I was prompted to write this. Just spoke to a couple visiting Las Vegas, staying at nice hotel. Said they haven't been to LV in 8 years and so, "what happened?" The conversation ended with the Couple saying, "It was so much nicer when the mafia ran everything." Frankly, that's what people living in LV feel also. Not speculation. Those that lived here back when actually say these things.
Start with: The guy laying drunk and out cold in front of Bellagio's Fountain last week; crowds just stepping over him. Really?
The homeless sleeping it off on the walkway from New York New York to the MGM, one with his pants open, another in a puddle, obviously having urinated.
The seedy Rap Music - and I like Rap to a point - street performers on mics blaring out the word Mother F'er and b=tch in front of the Bellagio, Planet Hollywood and Balley's, etc.
Talk about an air of fear, children passing, C'mon Vegas!
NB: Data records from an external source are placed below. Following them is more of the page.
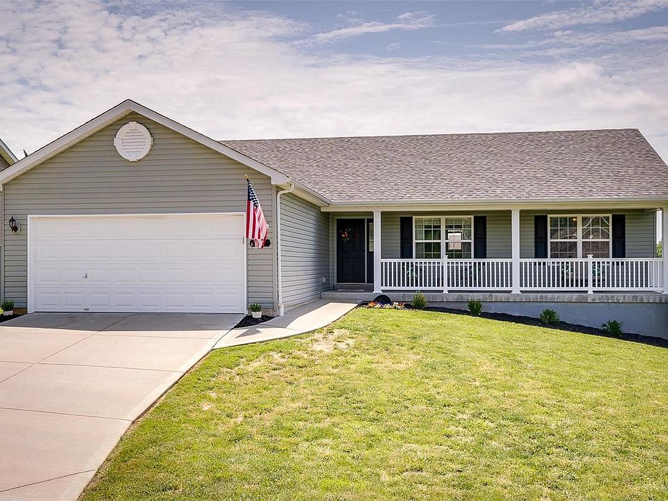 WELCOME HOME TO THIS BEAUTIFUL 3 BEDROOM 2 BATH WALK OUT RANCH HOME WITH OVER 1,380 SQ FT OF LIVING SPACE. LOCATED IN THE HIGHLY SOUGHT AFTER ANNA MEADOWS SUB.. ONLY 5 MINUTES FROM THE WENTZVILLE PARKWAY!! INTERIOR UPGRADES INCLUDE GREATROOM, KITCHEN AND BREAKFAST AREA W/VAULTED CEILINGS. HARDWOOD FLOORS IN GREATROOM, HALLWAY AND ALL BEDROOMS, TILE FLOORS IN KITCHEN, DINING, BATHROOMS AND LAUNDRY RM. DELUXE KITCHEN WITH UPGRADED CABINETS W/CROWN MOLDING, GRANITE COUNTERTOPS, TILE BACKSPLASH, SS APPLIANCES, BREAKFAST BAR AND WALK IN PANTRY. MASTER BEDROOM SUITE W/VAULTED CEILING, HIS & HER CLOSETS, UPGRADED MASTER BATH W/ADULT HEIGHT DOUBLE BOWL VANITY & LARGE SHOWER. MAIN FLOOR LAUNDRY, WHITE 3 PANEL DOORS & 3 TRIM. THE WHOLE BACK SIDE OF THE HOME HAS AN ADDED 2 FT TO ORIGINAL PLANS. THE GARAGE HAS BEEN EXPANDED 4 FT IN DEPTH. WALK OUT BASEMENT WITH EGRESS WINDOW, ROUGH IN AND SUMP PIT W/PUMP. UPGRADED ELEVATION, LARGE COVERED FRONT PORCH & GREAT LOCATION MAKE THIS HOME A MUST SEE!
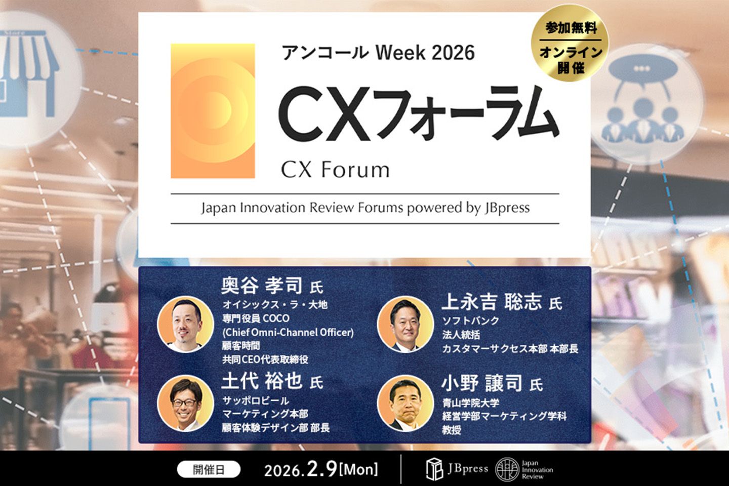 JBpress/Japan Innovation Reviewでは2月9日(月)に「CXフォーラム(アンコール Week 2026)」を開催します。本セミナーでは、オイシックス・ラ・大地 専門役員 COCO (Chief Omni-Channel Officer)の奥谷孝司氏による最新撮りおろし講演を配信。ニューヨークで開催される世界最大級のリテールカンファレンス「NRF 2026」を顧客起点で読み解き、2026年「次に来る」CXトレンドを解説します。また、ソフトバンク 法人統括 カスタマーサクセス本部 本部長の上永吉聡志氏、サッポロビール マーケティング本部 顧客体験デザイン部 部長の土代裕也氏、青山学院大学 経営学部マーケティング学科 教授の小野譲司氏らの講演を再配信します。ぜひご参加ください。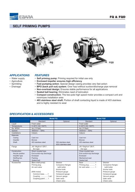 ebara self priming pump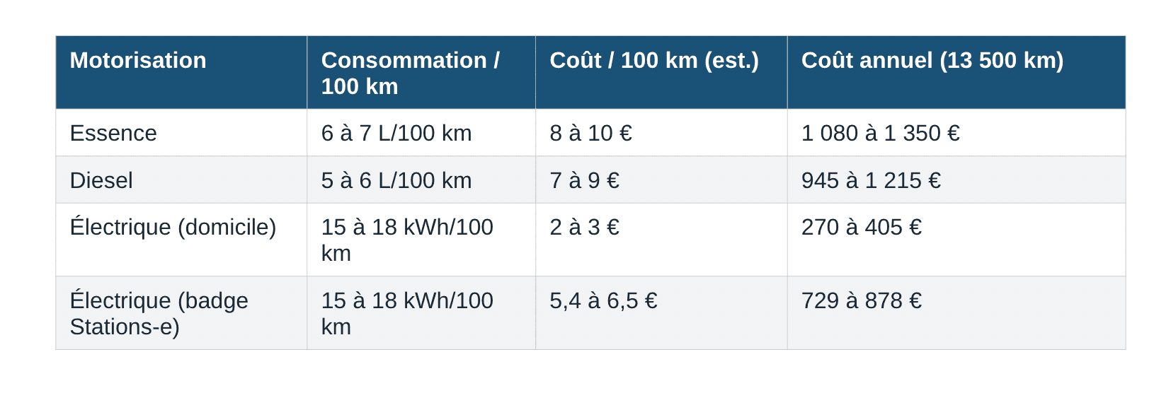 Gain annuel estimé sur l'énergie seule : entre 650 € et 900 € selon votre mode de recharge et votre kilométrage.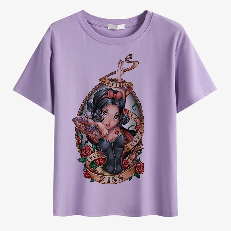 Женская футболка с мультипликационным принтом, фиолетовая модная фу...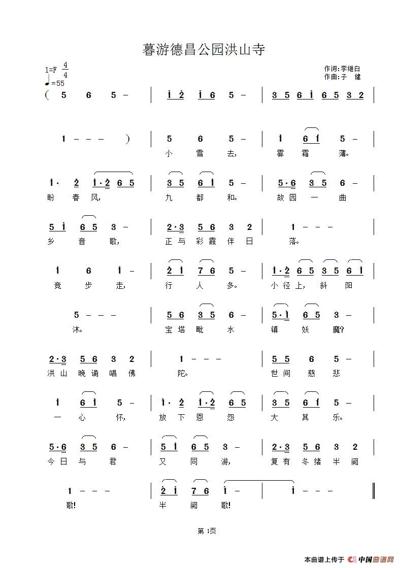 提示:在曲谱图片上单击右键,选择"图片另存为..."即可将曲谱保存到您的电脑中,打印时候可将图片插入到WORD中,调整合适大小打印即可。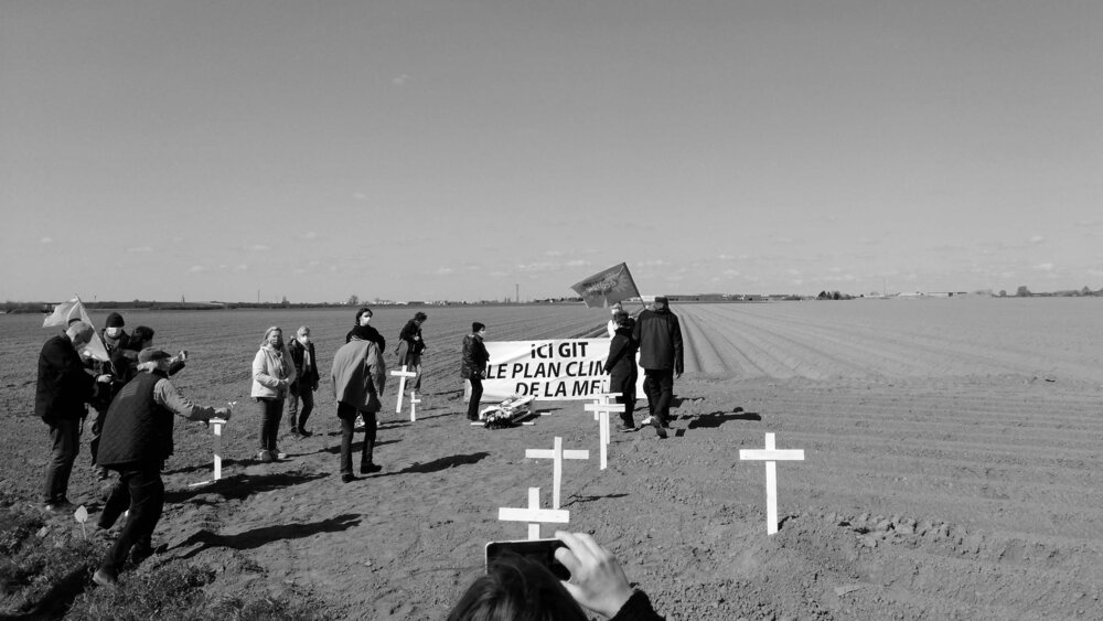 Plus de 250 personnes pour l’enterrement du plan climat de la métropole lilloise à l’appel du collectif d’opposition local "Alerte à Marquillies" et de nombreuses organisations dont XR Lille. En soutenant un projet d’entrepôt logistique géant dans les Weppes, la MEL enterre d’elle-même ses ambitions climatiques...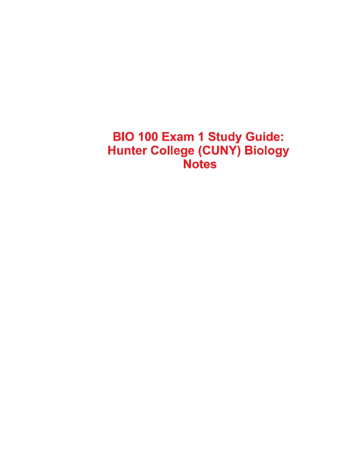 BIO 100 Hunter College Exam 1 Study Guide | Latest 2025/2026 Edition | Ace Your CUNY Biology Test First Try

In the winter, Vegas is the local destination for some of the worst local crowds the neighborhoods can divvy up; we're talking tattoos across the face, wife beater open arm pits at the craps table, nice if you want to feel insecure and unprotected.
Restaurants faced with people who walk out on their bills, leaving the Server's to be responsible and foreigners who pretend they don't know we tip in America. (So you are aware, a Server tips out up to 22% on her/his gross revenue every night. You skip the tip, she/he pays. For sake of argument, say, $300? That's $40-60 from the Server to the house because you were brought up in a cave.)
People chasing you with perfume packets through the malls. Okay, they have to make a living, but when you actually don't walk back the same way because you feel compelled to avoid them, that's just not right.
The three hotels least effected by the grime; Wynn, Venetian/Palazzo need to take the lead. The two gentleman leading these hotels care deeply about the sanctity and safety of Las Vegas. (Their hotels are the safest.) Have a meeting and get to the City Council. Pick up the place. Enact some codes. Build shelters. And, please, some sort of dress code in the casinos... Or, really, like the locals say, bring back the Mafia.
Perhaps, just perhaps, I'm being facetious to make a point. But, the review is all facts.
Vegas has gone from the most protected street - the Strip - in the world to low class and insecure in just 15 years.